## [EXERCISE MATERIALS]
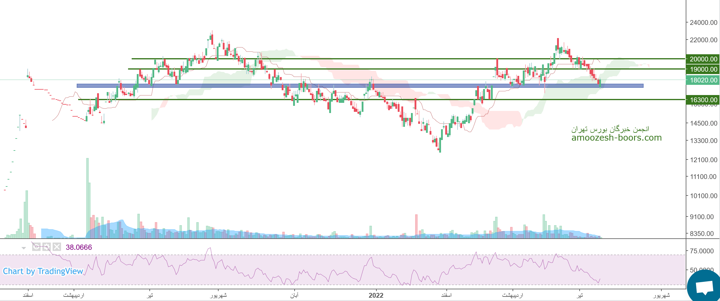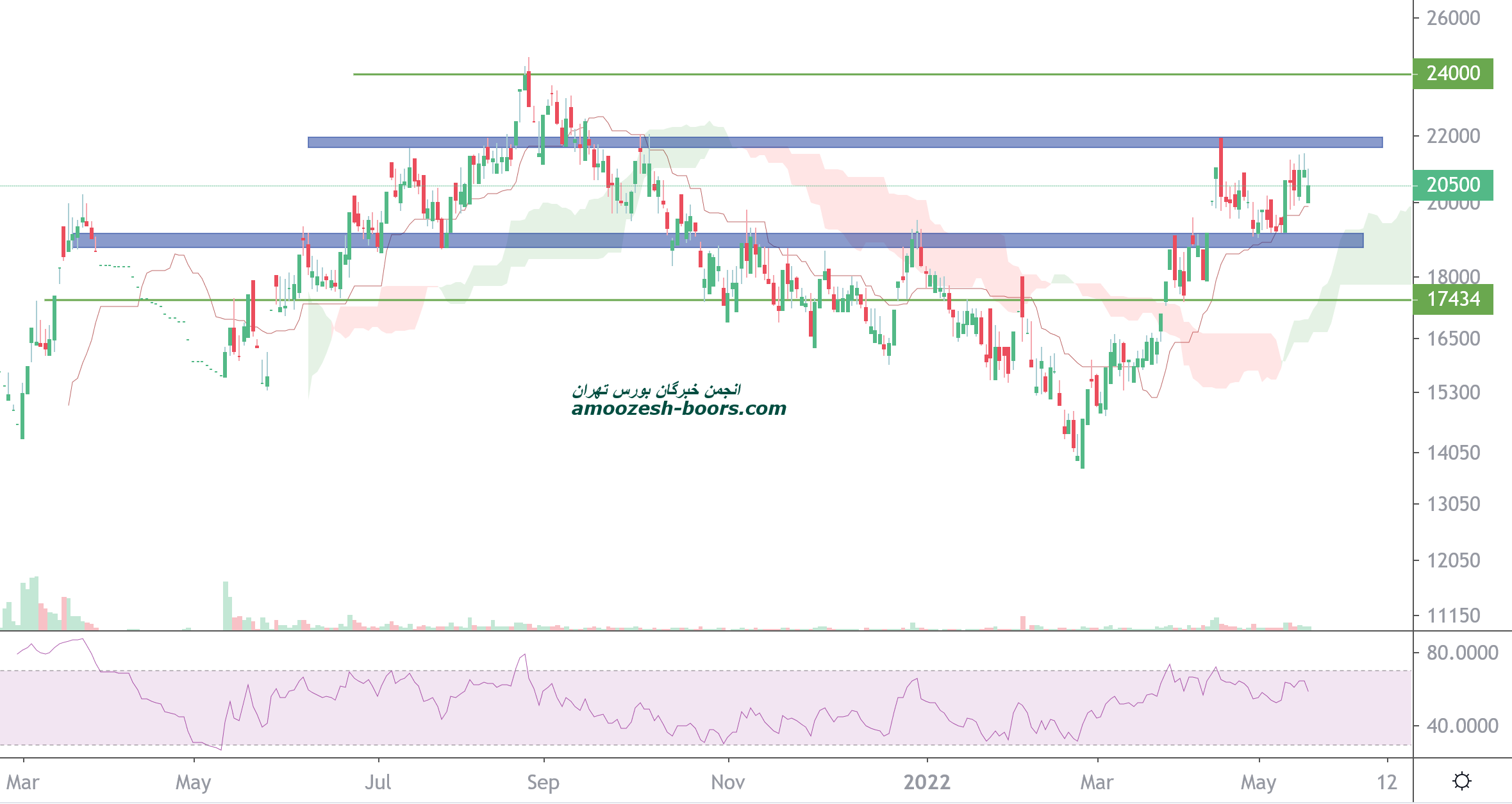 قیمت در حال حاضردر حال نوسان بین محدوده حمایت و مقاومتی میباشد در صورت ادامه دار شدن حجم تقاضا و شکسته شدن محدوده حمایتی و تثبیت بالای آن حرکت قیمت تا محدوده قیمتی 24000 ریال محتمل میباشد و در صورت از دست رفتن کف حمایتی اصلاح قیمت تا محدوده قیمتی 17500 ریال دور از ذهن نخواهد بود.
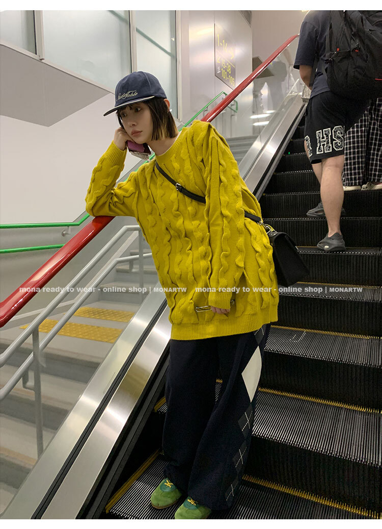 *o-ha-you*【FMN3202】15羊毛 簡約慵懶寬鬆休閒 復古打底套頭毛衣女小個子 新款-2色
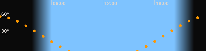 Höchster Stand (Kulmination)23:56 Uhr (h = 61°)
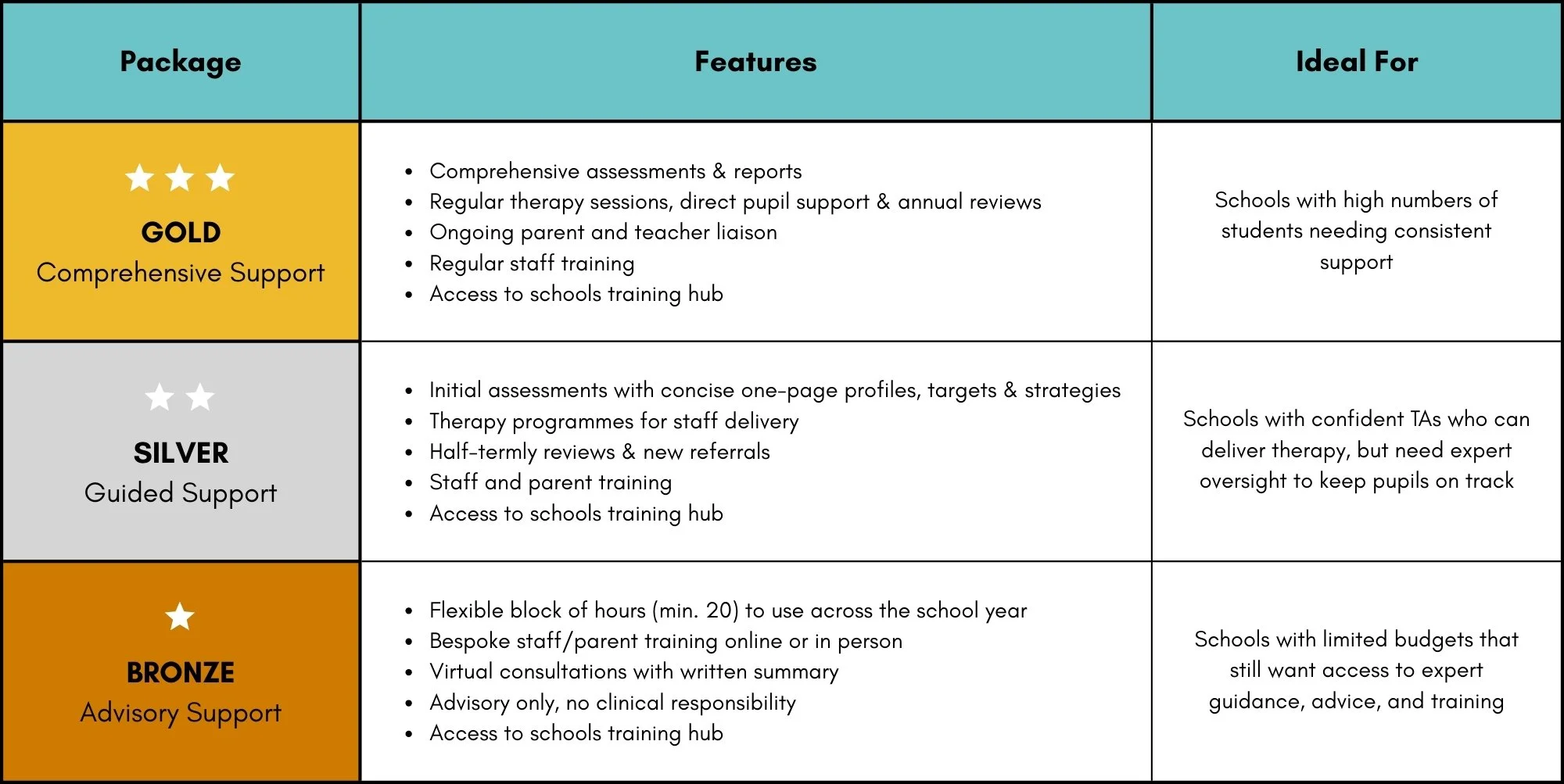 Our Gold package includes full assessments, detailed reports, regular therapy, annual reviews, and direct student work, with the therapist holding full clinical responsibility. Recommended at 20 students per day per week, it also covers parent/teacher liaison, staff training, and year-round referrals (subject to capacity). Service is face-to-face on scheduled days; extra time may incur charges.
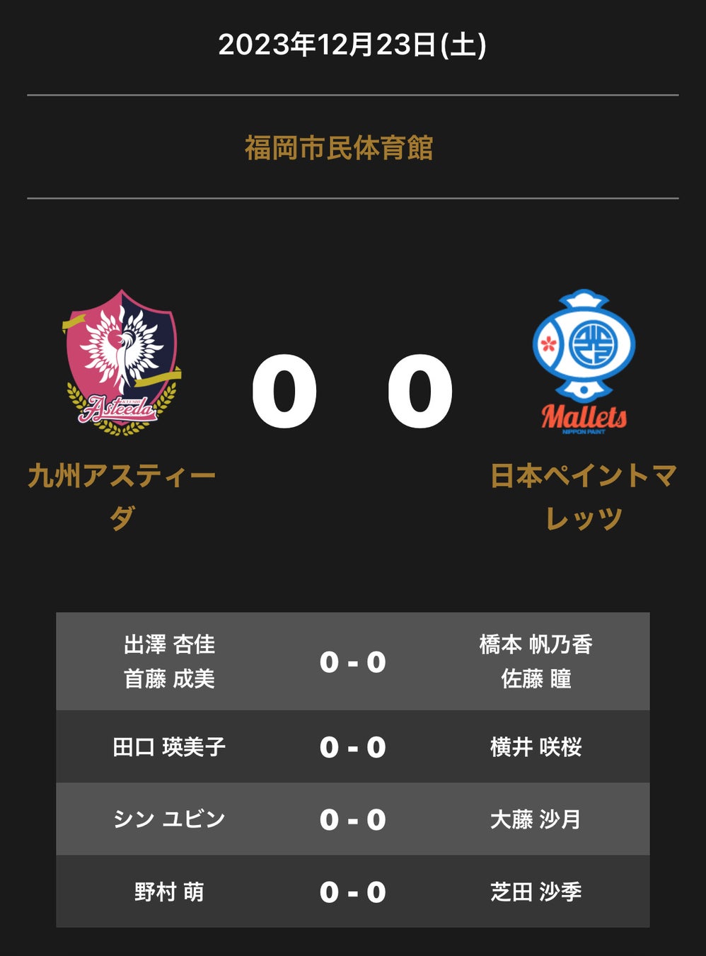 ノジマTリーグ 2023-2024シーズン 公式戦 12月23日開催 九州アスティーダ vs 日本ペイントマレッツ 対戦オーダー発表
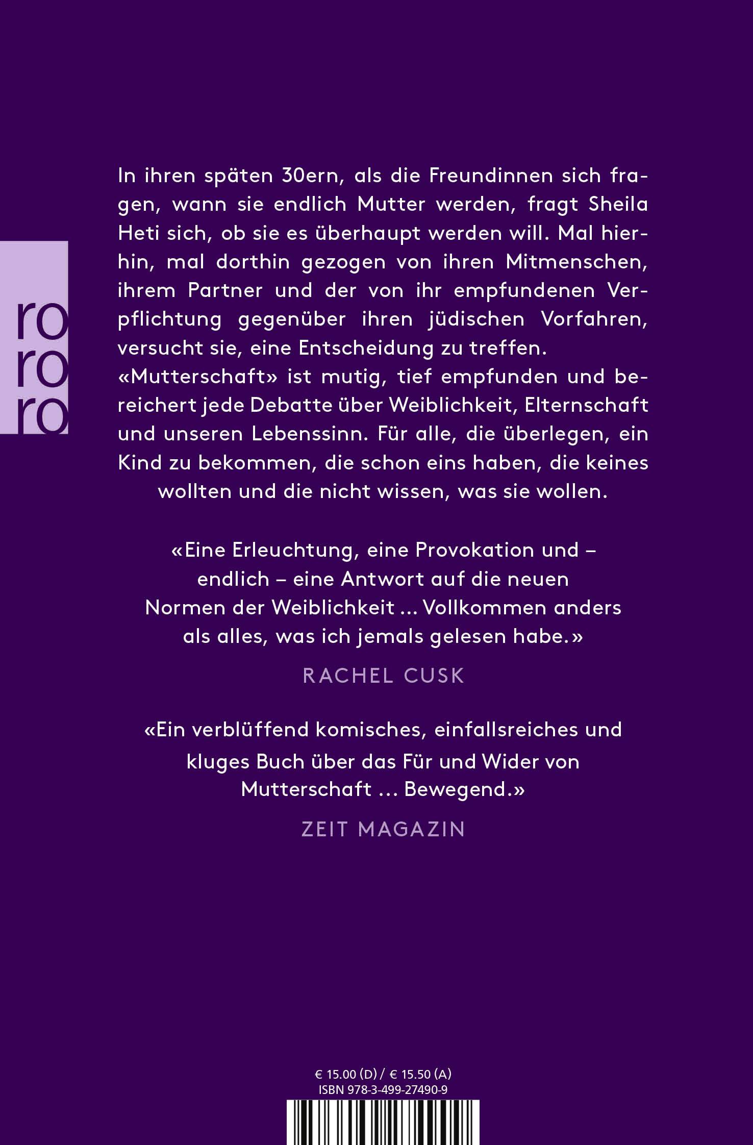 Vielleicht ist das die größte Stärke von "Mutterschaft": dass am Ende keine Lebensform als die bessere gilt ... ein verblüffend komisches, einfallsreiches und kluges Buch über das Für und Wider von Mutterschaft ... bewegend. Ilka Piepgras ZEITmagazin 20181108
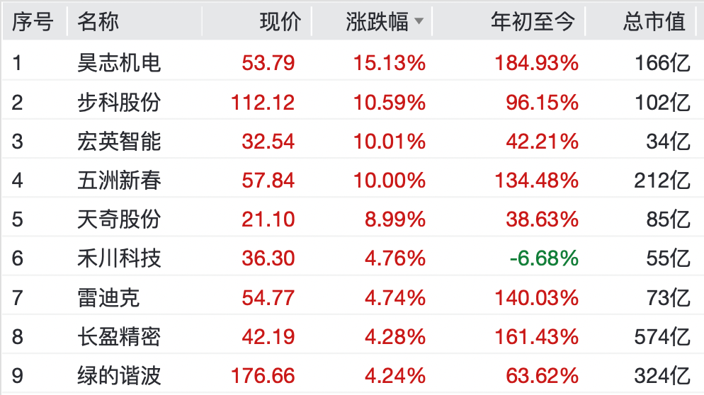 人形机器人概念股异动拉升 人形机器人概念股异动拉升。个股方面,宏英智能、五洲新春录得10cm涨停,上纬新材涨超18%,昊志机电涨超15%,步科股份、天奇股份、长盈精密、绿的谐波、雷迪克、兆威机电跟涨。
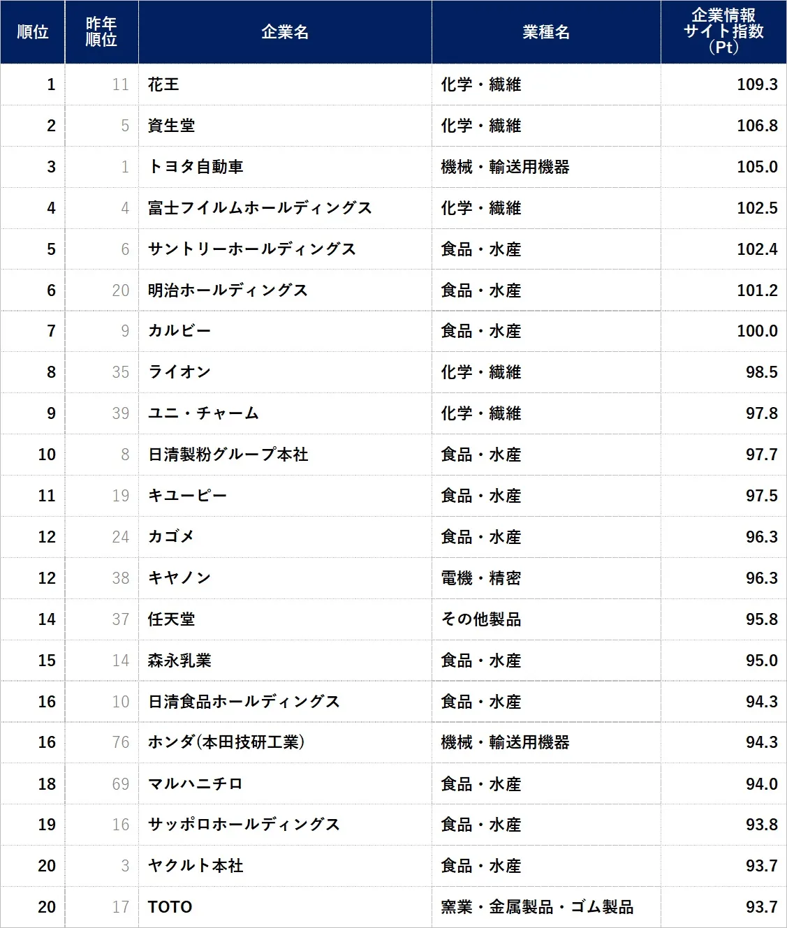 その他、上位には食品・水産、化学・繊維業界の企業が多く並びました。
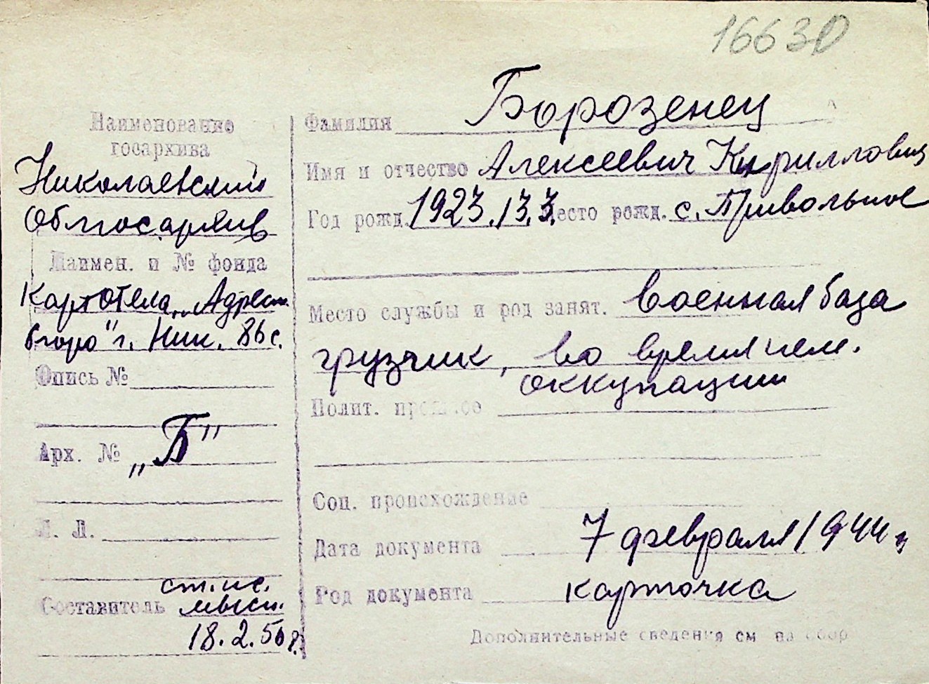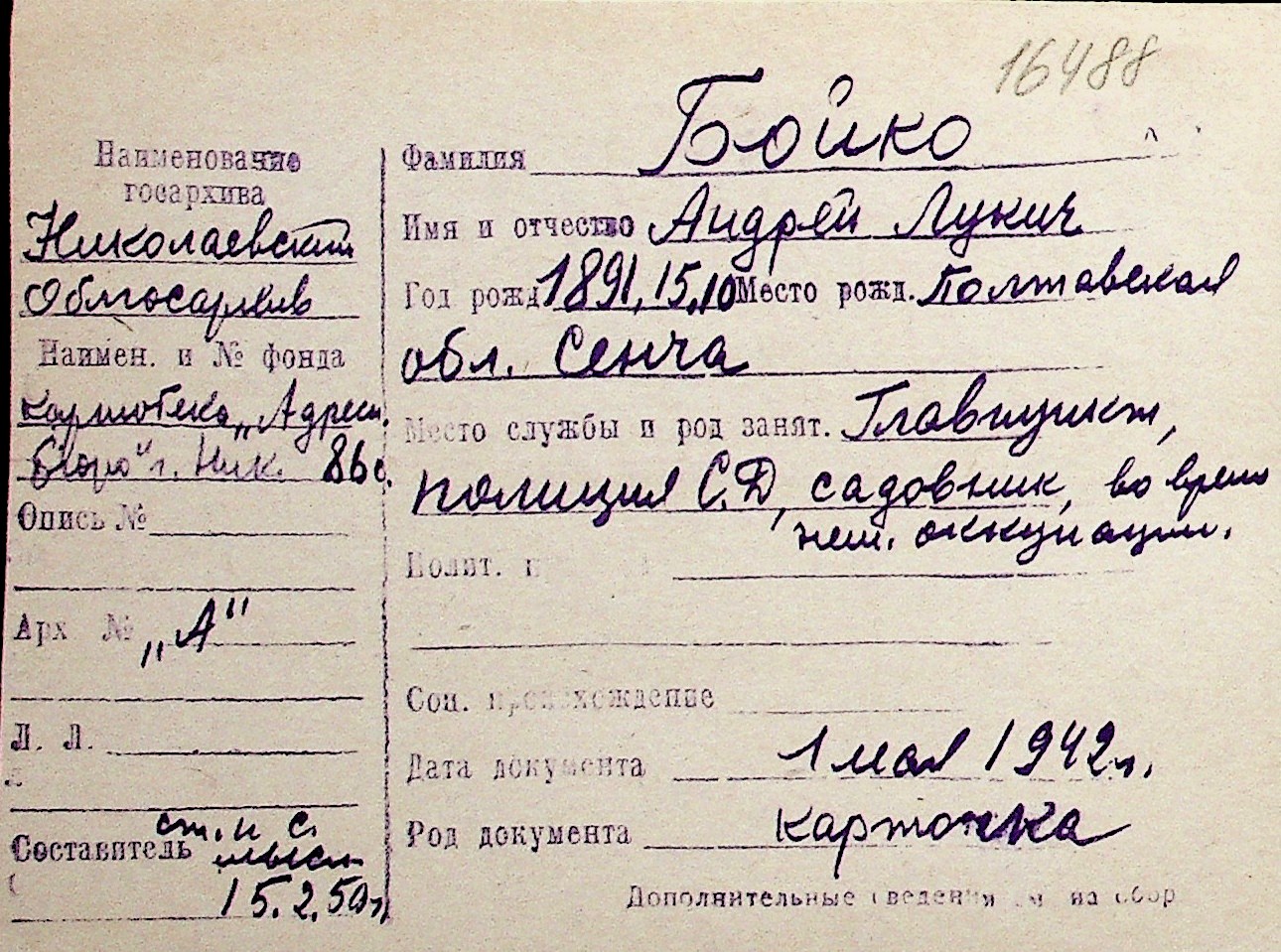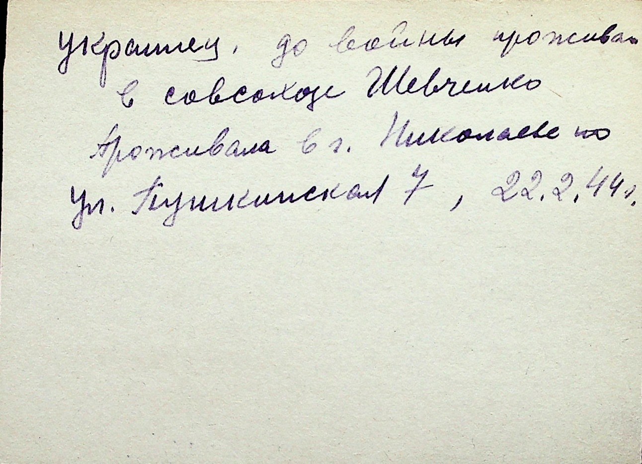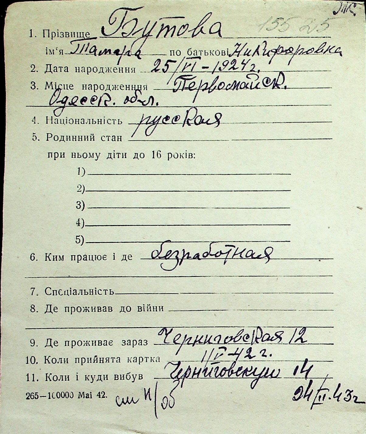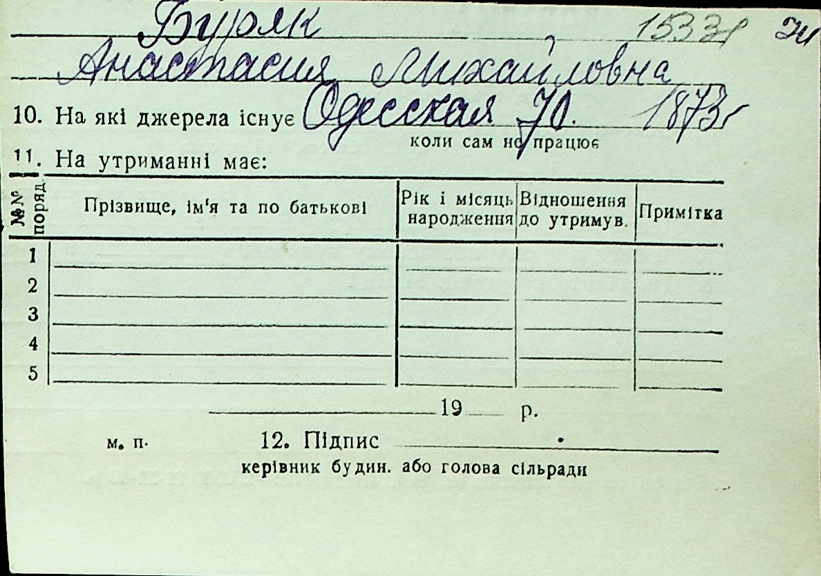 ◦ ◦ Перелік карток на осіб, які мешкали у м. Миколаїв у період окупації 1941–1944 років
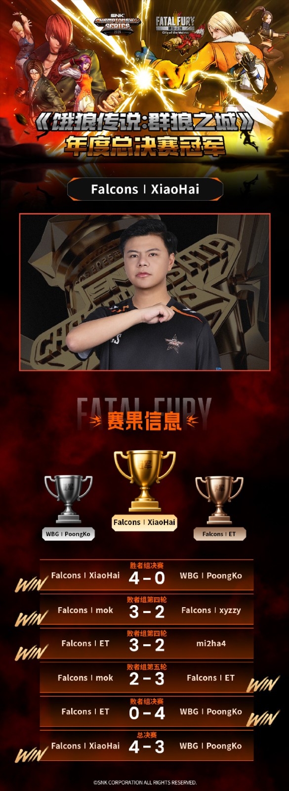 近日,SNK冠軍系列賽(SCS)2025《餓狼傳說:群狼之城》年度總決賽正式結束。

## [INSTRUCTIONS TO FOLLOW]
Pictures are to be left out. Everything else in the records above gets repeated exactly.

## [THE COMPLETED TASK]
 قیمت در حال حاضردر حال نوسان بین محدوده حمایت و مقاومتی میباشد در صورت ادامه دار شدن حجم تقاضا و شکسته شدن محدوده حمایتی و تثبیت بالای آن حرکت قیمت تا محدوده قیمتی 24000 ریال محتمل میباشد و در صورت از دست رفتن کف حمایتی اصلاح قیمت تا محدوده قیمتی 17500 ریال دور از ذهن نخواهد بود.
 *o-ha-you*【FMN3202】15羊毛 簡約慵懶寬鬆休閒 復古打底套頭毛衣女小個子 新款-2色
 Höchster Stand (Kulmination)23:56 Uhr (h = 61°)
 Our Gold package includes full assessments, detailed reports, regular therapy, annual reviews, and direct student work, with the therapist holding full clinical responsibility. Recommended at 20 students per day per week, it also covers parent/teacher liaison, staff training, and year-round referrals (subject to capacity). Service is face-to-face on scheduled days; extra time may incur charges.
 ノジマTリーグ 2023-2024シーズン 公式戦 12月23日開催 九州アスティーダ vs 日本ペイントマレッツ 対戦オーダー発表
 Vielleicht ist das die größte Stärke von "Mutterschaft": dass am Ende keine Lebensform als die bessere gilt ... ein verblüffend komisches, einfallsreiches und kluges Buch über das Für und Wider von Mutterschaft ... bewegend. Ilka Piepgras ZEITmagazin 20181108
 人形机器人概念股异动拉升 人形机器人概念股异动拉升。个股方面,宏英智能、五洲新春录得10cm涨停,上纬新材涨超18%,昊志机电涨超15%,步科股份、天奇股份、长盈精密、绿的谐波、雷迪克、兆威机电跟涨。
 その他、上位には食品・水産、化学・繊維業界の企業が多く並びました。
 ◦ ◦ Перелік карток на осіб, які мешкали у м. Миколаїв у період окупації 1941–1944 років
 近日,SNK冠軍系列賽(SCS)2025《餓狼傳說:群狼之城》年度總決賽正式結束。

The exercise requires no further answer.